Open alastair opened 4 years ago
https://github.com/MTG/gaia/blob/c72b8f1f744d699b968e92a8d6f8b20b6dde2378/src/bindings/pygaia/classification/classificationtask.py#L200 This doesn't work in python3, as pickle.load requires bytes, but sys.stdin is a string. Ideally this would be fixed by #96, allowing us to remove cluster mode, but in the meantime we should work out a solution to this specific problem.
In python 3, taskhash
is generating different hashes for the same combination of parameters:
https://github.com/MTG/gaia/blob/f227e410baff51b9ccc5af1578171d86886a1f1c/src/bindings/pygaia/classification/classificationtaskmanager.py#L42
when I run this script multiple times, it doesn't skip already done jobs as it does in python 2: https://github.com/MTG/gaia/blob/c72b8f1f744d699b968e92a8d6f8b20b6dde2378/src/bindings/pygaia/classification/classificationtask.py#L174
Running the same script multiple types in the same docker container results in different hashes each time. There is a random seed set in the project file.
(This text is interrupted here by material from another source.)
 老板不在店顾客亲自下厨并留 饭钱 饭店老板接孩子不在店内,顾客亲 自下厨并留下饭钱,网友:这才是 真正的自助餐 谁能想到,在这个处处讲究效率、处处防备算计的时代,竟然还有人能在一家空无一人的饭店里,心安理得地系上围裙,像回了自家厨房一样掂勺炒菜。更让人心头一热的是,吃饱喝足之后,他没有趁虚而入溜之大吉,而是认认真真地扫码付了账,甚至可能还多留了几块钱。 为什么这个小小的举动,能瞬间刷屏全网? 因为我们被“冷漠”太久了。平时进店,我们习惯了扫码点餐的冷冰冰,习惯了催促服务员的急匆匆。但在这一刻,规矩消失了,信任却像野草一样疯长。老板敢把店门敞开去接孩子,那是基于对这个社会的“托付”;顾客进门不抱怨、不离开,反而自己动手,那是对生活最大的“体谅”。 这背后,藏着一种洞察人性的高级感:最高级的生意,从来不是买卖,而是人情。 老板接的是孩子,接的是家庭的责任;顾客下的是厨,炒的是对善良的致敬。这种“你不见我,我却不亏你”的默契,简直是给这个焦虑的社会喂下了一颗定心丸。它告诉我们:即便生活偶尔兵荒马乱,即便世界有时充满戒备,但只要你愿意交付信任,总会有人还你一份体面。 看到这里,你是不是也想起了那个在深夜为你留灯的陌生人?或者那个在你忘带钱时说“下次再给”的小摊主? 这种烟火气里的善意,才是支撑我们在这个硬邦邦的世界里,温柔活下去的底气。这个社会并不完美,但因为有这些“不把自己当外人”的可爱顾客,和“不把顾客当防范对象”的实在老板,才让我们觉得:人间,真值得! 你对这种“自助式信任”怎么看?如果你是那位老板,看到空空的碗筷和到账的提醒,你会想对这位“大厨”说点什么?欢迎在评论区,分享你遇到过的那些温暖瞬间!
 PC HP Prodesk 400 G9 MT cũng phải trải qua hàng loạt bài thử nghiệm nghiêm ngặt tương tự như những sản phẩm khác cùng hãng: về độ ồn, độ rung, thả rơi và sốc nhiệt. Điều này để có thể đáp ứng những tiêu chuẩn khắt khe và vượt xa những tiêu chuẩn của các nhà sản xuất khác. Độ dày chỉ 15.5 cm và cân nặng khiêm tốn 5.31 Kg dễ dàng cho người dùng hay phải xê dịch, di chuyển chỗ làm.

I've replaced it with sha1(json.dumps(config))
, and now it's stable
Running in python 3, clustermode=False, after about 290 jobs I get an exception
Exception in thread Thread-1:
Traceback (most recent call last):
File "/usr/lib/python3.6/threading.py", line 916, in _bootstrap_inner
self.run()
File "/usr/lib/python3.6/threading.py", line 864, in run
self._target(*self._args, **self._kwargs)
File "/usr/lib/python3.6/concurrent/futures/process.py", line 295, in _queue_management_worker
shutdown_worker()
File "/usr/lib/python3.6/concurrent/futures/process.py", line 253, in shutdown_worker
call_queue.put_nowait(None)
File "/usr/lib/python3.6/multiprocessing/queues.py", line 129, in put_nowait
return self.put(obj, False)
File "/usr/lib/python3.6/multiprocessing/queues.py", line 83, in put
raise Full
queue.Full
This has happened more than once. Is something not cleaning up properly? Maybe a difference between concurrent.futures in python 3.6 and the backport we use in python 2?
:heavy_check_mark: This item is fixed in #115
There is still some python code which only runs in python 2. Most importantly are uses of basestring and unicode: https://github.com/MTG/gaia/blob/ed433ed3f1fa3ceea1ccbb77929fdb10ddaa8bdd/src/bindings/pythonic.i#L24-L31
These will have to be converted, but we have to understand the use of the types in this method. Theoretically both basestring and unicode can be changed to
str
, but in python 3, we should double-check where items should be actual strings, and where they should be encoded bytes.